Why do you think that they did it fast? Expanding x to (x-2)+2 is the the standard way to do it, as far as I know.
They probably just don't show all the (fairly routine) steps.

 

[MiddleEast]

Thanks for reply, actually I found the way.
Basically start with A(x-2) + B (x-2) + C (x-2) where A,B & C could be variables/constants.
That A must be 2x^2 to get "2x^3" in original function, that A when multiplied by -2 will give -4x^4, now you have to choose B as x so that -4x^4 & B*x will give us -3x^2 in original function. And you just continue that way. Constant term will be adjusted automatically once we get the process in right way as x-2 is factor of f.
All of this can be done in one line as they did.

 

[FactChecker]

Thanks for reply, actually I found the way.
Basically start with A(x-2) + B (x-2) + C (x-2) where A,B & C could be variables/constants.
That A must be 2x^2 to get "2x^3" in original function,

That is a logical way to proceed. But "A must be" is too strong, since A, B, and C are indistinguishable at this point. I get your idea though. Maybe you could say that the first term will include the highest power of x.

EDIT: Even then, you would have terms with a mixture of $x^n (x-2)$ factors. Are you trying to factor out (x-2)? That is not leading directly to the goal of a polynomial of $x-2$. I think it might be better to start with $A(x-2)^2+B(x-2)+C$ and see where that takes you.
But I still think that the most direct approach is to just replace all the $x$s with $(x-2)+2$ in the original polynomial and multiply it out.

 

[DaveE]

There's also the old school "long division" method I learned in junior high school:

These methods all seem essentially the same to me; each with a different look. It's just division, as you said.

 

[FactChecker]

There's also the old school "long division" method I learned in junior high school:

View attachment 347021

These methods all seem essentially the same to me; each with a different look. It's just division, as you said.

I don't see how this gives an expansion in (x-2) without several additional steps. I think there are more direct ways.

 

[DaveE]

I don't see how this gives an expansion in (x-2) without several additional steps. I think there are more direct ways.

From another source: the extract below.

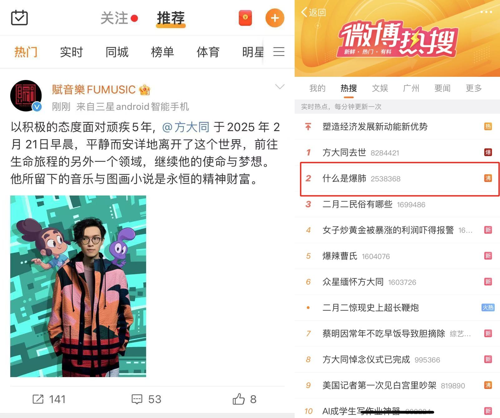 3月1日中午,方大同创立的音乐厂牌赋音乐发布消息:以积极的态度面对顽疾5年,方大同于2025年2月21日早晨,平静而安详地离开了这个世界。据悉,2010年方大同曾因操劳过度出现气胸(爆肺)而数度住院。2024年方大同回归时表示自己正在康复的路上,身体状况已有了长足的改善,但还未完全康复。大众惊愕惋惜之时,#方大同去世 #什么是爆肺同时冲上热搜。
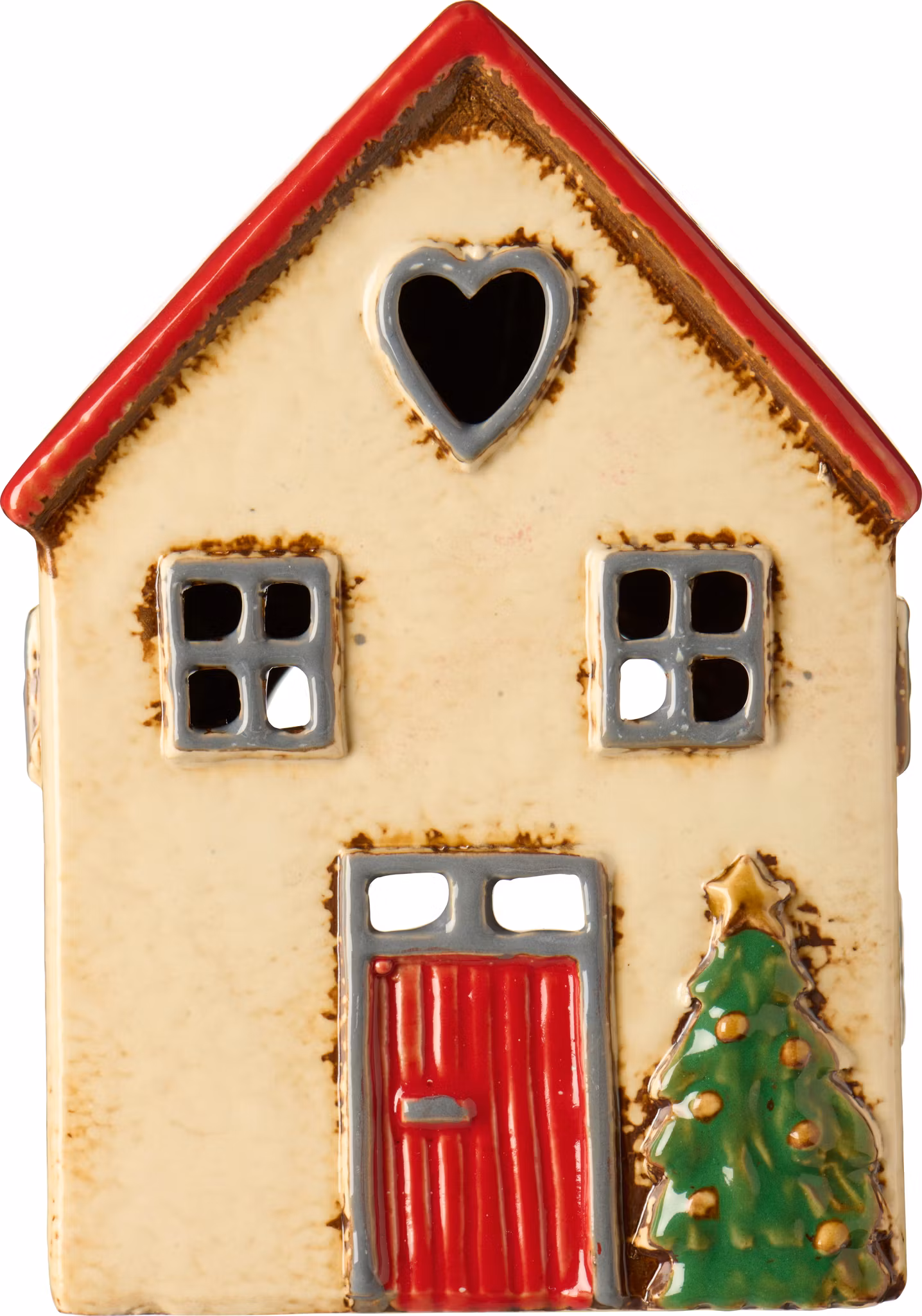 Litet vitt keramikhus med röd dörr och julgran avsett för värmeljus ca 10x7,5x14

But this is the same as the "A, B, C" method in post #5. I don't claim it's the most efficient, IDK.
What are your "more direct ways"? Surely it's not simplifying $2[(x-2)+2]^3+[(x-2)+2]-15$, is it?

 

[MatinSAR]

@MiddleEast Are you trying to derive the second polynomial equation from the first one?
$2x^3-3x^2-17x+30=2x^3-4x^2+x^2-2x-15x+30=2x^2(x-2)+x(x-2)-15(x-2)$

 

[MiddleEast]

That is a logical way to proceed. But "A must be" is too strong, since A, B, and C are indistinguishable at this point. I get your idea though. Maybe you could say that the first term will include the highest power of x.

EDIT: Even then, you would have terms with a mixture of $x^n (x-2)$ factors. Are you trying to factor out (x-2)? That is not leading directly to the goal of a polynomial of $x-2$. I think it might be better to start with $A(x-2)^2+B(x-2)+C$ and see where that takes you.
But I still think that the most direct approach is to just replace all the $x$s with $(x-2)+2$ in the original polynomial and multiply it out.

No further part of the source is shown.